Graft starch copolymers are also known (e.g., see U.S. Pat. Nos. 3,061,471, 3,061,472 and 3,095,391). Brockway et al. disclose granular starch polymethacrylate grafts by polymerizing granular starches in the presence of methyl methacrylate monomers, activators and initiators to provide a non-water-dispersible starch product (e.g., see Journal of Polymer Science, Part A, Vol 1, pages 1025-1039, 1963). Similarly, grafting by copolymerizing styrene and allyl starches (e.g., see Makromol Vol. 18-19, page 322, 1956), butadiene, styrene and acrylontrile (e.g., see Canadian Pat. No. 549,110 by Borunsky), acrylonitrile, acrylamide and acrylic acid (e.g., see C. A. Wilham et al. Polymerization Studies with Allyl Starch, Journal of Applied Polymer Science, Vol. 7, pages 1403-1410, - 1963) have been reported. The grafted non-starch polymer chains become an integral and unextractable part of the composite starch polymerizate and increases its hydrophobicity.

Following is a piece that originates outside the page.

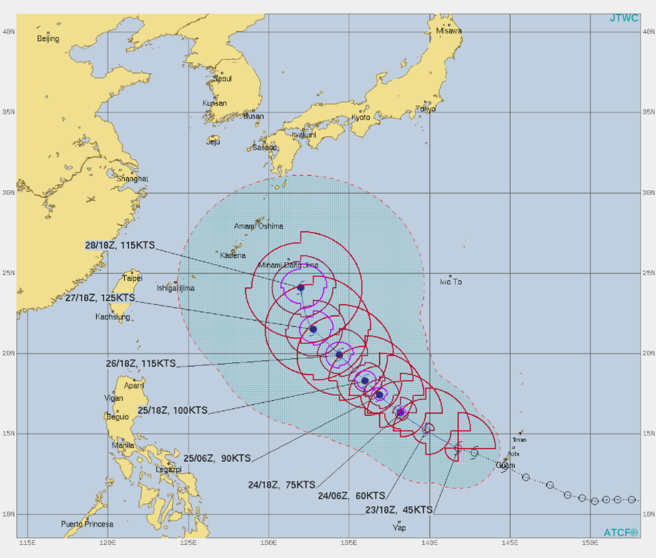 JTWC의 위성 영상을 보면 벌써 빠르게 태풍의 모습이 갖춰지고 있는 것을 볼 수 있네요. 앞으로 얼마나 강력하게 될지 잘 지켜봐야 할 것 같습니다.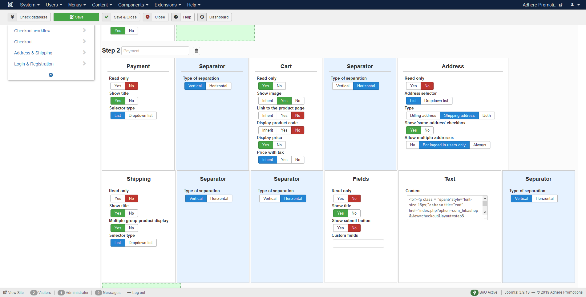 First i think you shouldn't use so many seperators in one step. Basically you want to add one seperator between left and right columns only. So in you case you should add seperator between your cart block and other blocks.

At one time allyl starches appeared potentially useful as starchbased coatings (e.g., see J. P. Radley, Starch and Its Derivatives, 4th Ed., 1968). Unfortunately, the allyl starch coating systems are plagued with difficulties such as non-homgeneity, brittleness, inflexibility, poor water-resistance and limited solubility in organo solvent systems (e.g., see Wilham et al. article cited above).
The art has long sought a polymerizable starch composition suitable for use as a protective coating and which will produce a starch polymerizate having improved resistance towards physical, chemical, bacteriological and enzymatic degradation. A water-dispersible and copolymerizable starch composition which could be applied to a substrate via an aqueous vehicle and thereafter copolymerized to a starch coating possessing excellent tensile strength and elongation, flexibility, impact and dynamic peel strength, water-and detergent-resistant properties would fulfill a long-felt need.